**TASK GOAL**
From the line holding "22.(8分)下面两幅统计图" through the line holding "Ein niedlicher Cartoon-Pinguin" below, write out every line exactly; include both of those lines and drop the pictures.

**GIVEN DATA**

· · · · ·

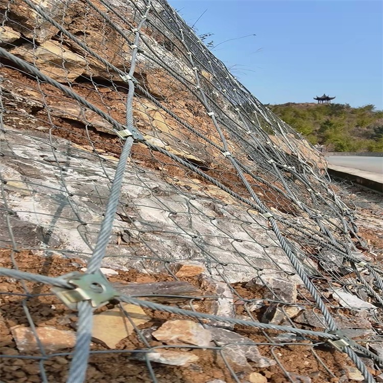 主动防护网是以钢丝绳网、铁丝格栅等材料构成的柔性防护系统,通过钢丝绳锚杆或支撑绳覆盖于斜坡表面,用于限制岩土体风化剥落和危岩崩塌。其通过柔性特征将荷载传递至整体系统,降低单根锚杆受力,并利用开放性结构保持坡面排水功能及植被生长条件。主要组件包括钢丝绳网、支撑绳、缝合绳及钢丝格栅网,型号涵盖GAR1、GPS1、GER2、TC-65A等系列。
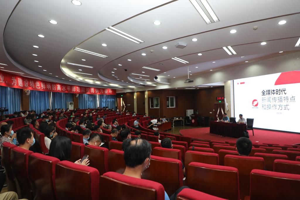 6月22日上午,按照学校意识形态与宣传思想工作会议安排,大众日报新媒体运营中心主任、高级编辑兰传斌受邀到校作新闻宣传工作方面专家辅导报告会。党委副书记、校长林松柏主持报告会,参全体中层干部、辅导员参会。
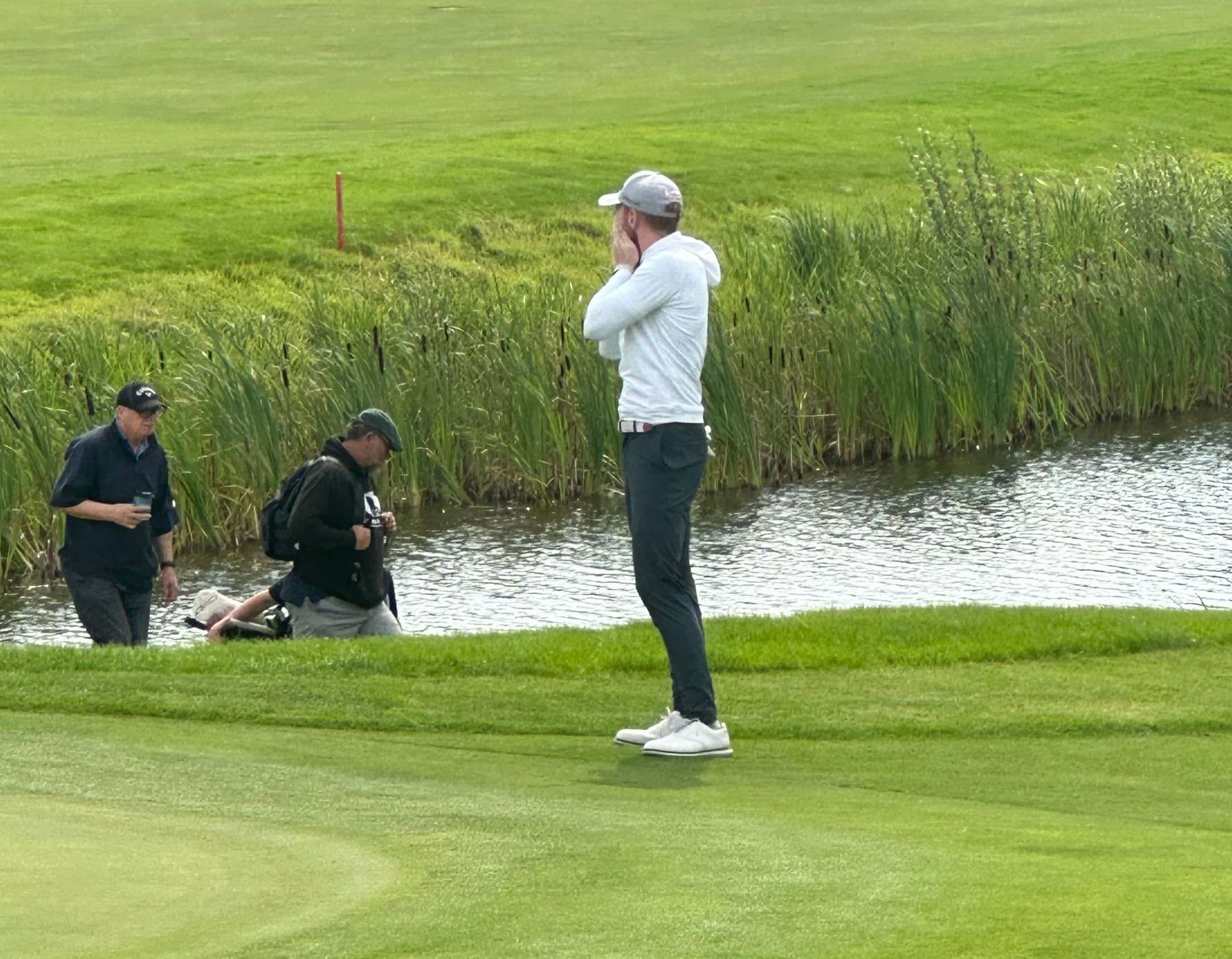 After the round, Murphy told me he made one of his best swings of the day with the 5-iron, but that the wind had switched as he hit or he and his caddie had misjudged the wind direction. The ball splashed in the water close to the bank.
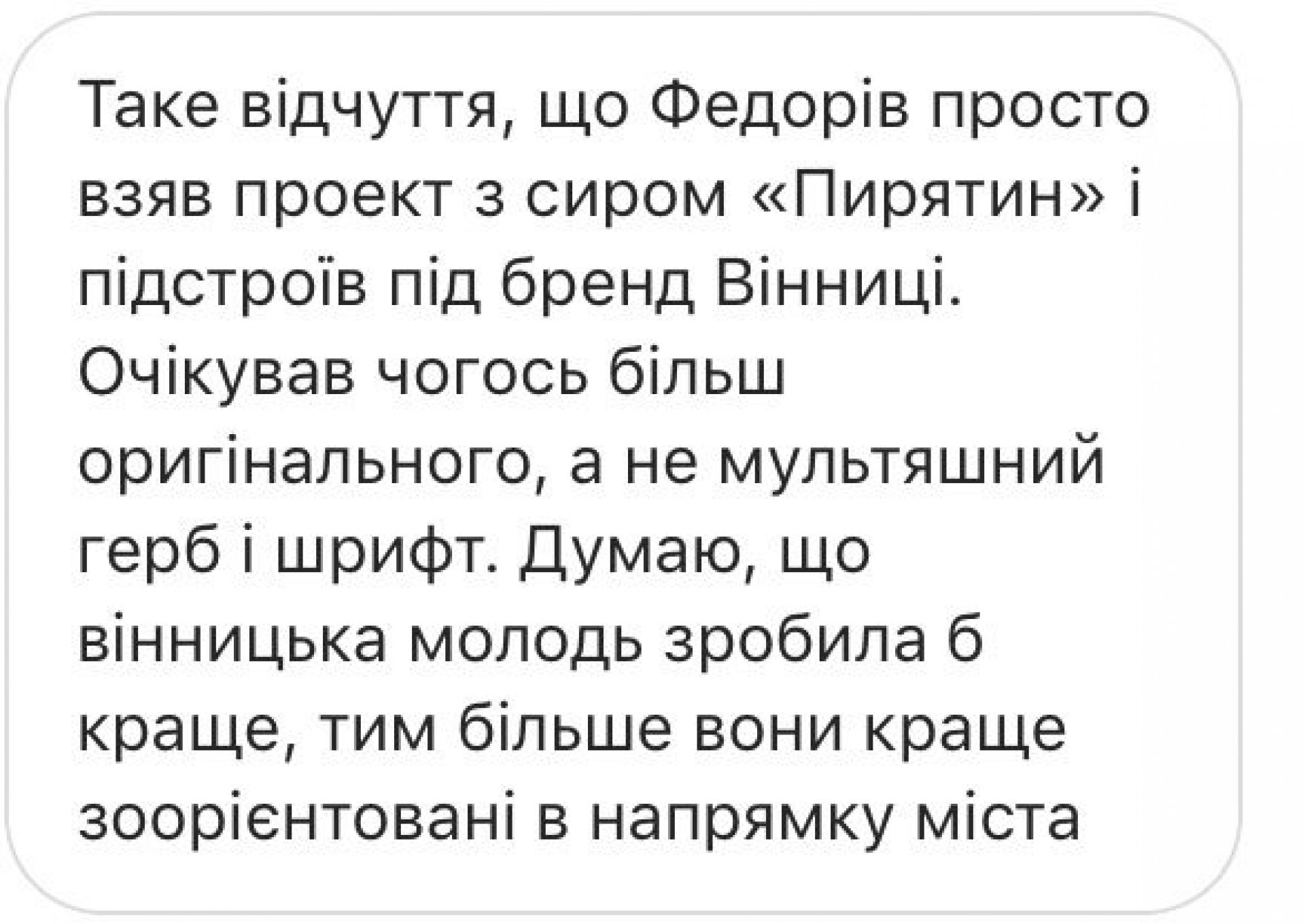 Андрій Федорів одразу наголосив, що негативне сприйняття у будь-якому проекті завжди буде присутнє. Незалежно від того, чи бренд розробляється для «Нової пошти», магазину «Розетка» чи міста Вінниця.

· · · · ·

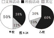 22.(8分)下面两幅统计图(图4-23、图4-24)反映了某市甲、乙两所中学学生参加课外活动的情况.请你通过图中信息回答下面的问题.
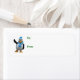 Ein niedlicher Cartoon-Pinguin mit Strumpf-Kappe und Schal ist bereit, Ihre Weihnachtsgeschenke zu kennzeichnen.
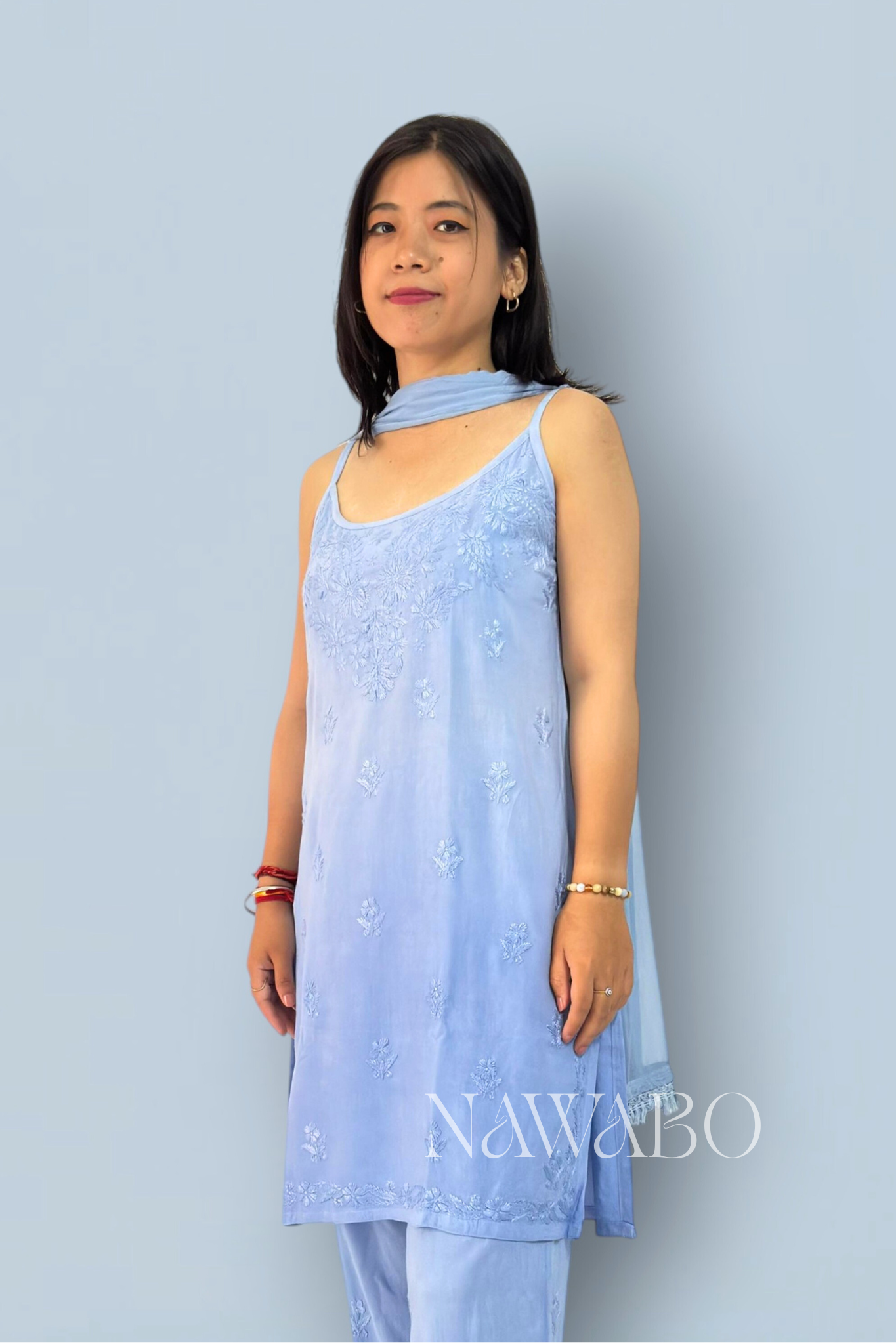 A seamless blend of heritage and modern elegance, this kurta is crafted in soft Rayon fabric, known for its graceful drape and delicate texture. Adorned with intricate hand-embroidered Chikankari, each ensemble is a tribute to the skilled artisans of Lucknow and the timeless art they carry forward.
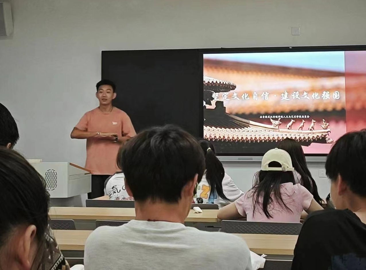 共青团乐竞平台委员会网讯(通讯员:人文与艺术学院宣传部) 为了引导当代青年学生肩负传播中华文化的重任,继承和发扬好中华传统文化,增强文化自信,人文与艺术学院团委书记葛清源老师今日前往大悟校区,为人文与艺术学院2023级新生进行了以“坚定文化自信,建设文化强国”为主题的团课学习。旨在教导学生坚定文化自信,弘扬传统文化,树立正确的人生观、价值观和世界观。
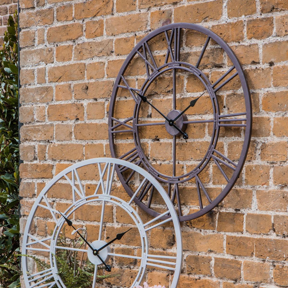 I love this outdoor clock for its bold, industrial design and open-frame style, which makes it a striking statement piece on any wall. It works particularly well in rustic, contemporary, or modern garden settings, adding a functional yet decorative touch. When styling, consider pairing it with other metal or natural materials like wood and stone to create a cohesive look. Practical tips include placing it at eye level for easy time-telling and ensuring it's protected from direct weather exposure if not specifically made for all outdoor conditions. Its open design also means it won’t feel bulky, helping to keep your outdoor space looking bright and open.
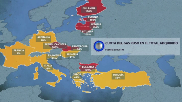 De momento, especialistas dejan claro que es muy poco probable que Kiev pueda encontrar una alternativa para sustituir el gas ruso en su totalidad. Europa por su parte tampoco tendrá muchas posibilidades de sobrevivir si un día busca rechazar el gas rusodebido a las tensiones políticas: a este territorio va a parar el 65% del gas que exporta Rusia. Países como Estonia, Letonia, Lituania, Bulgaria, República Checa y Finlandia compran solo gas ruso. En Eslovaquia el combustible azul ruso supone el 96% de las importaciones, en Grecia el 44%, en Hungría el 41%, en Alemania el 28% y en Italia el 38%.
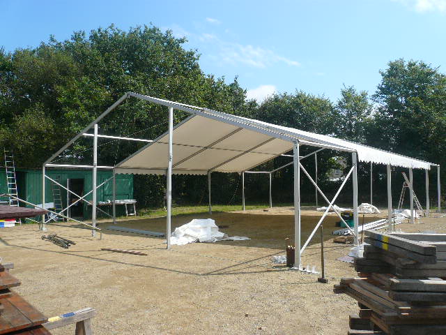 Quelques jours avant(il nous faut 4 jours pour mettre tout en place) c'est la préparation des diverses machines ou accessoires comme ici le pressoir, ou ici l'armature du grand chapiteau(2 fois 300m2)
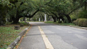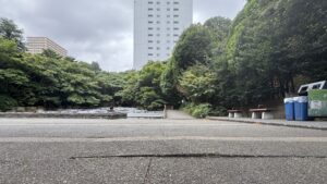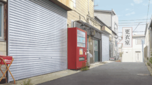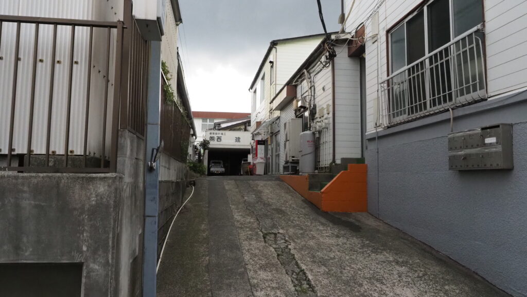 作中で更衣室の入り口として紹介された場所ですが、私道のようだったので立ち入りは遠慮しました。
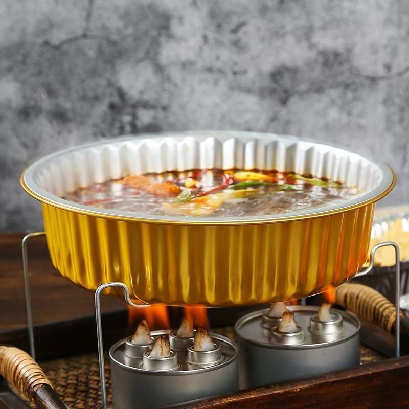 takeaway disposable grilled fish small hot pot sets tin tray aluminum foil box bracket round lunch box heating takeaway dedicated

· · · · ·

**OUTPUT**
 22.(8分)下面两幅统计图(图4-23、图4-24)反映了某市甲、乙两所中学学生参加课外活动的情况.请你通过图中信息回答下面的问题.
 Ein niedlicher Cartoon-Pinguin mit Strumpf-Kappe und Schal ist bereit, Ihre Weihnachtsgeschenke zu kennzeichnen.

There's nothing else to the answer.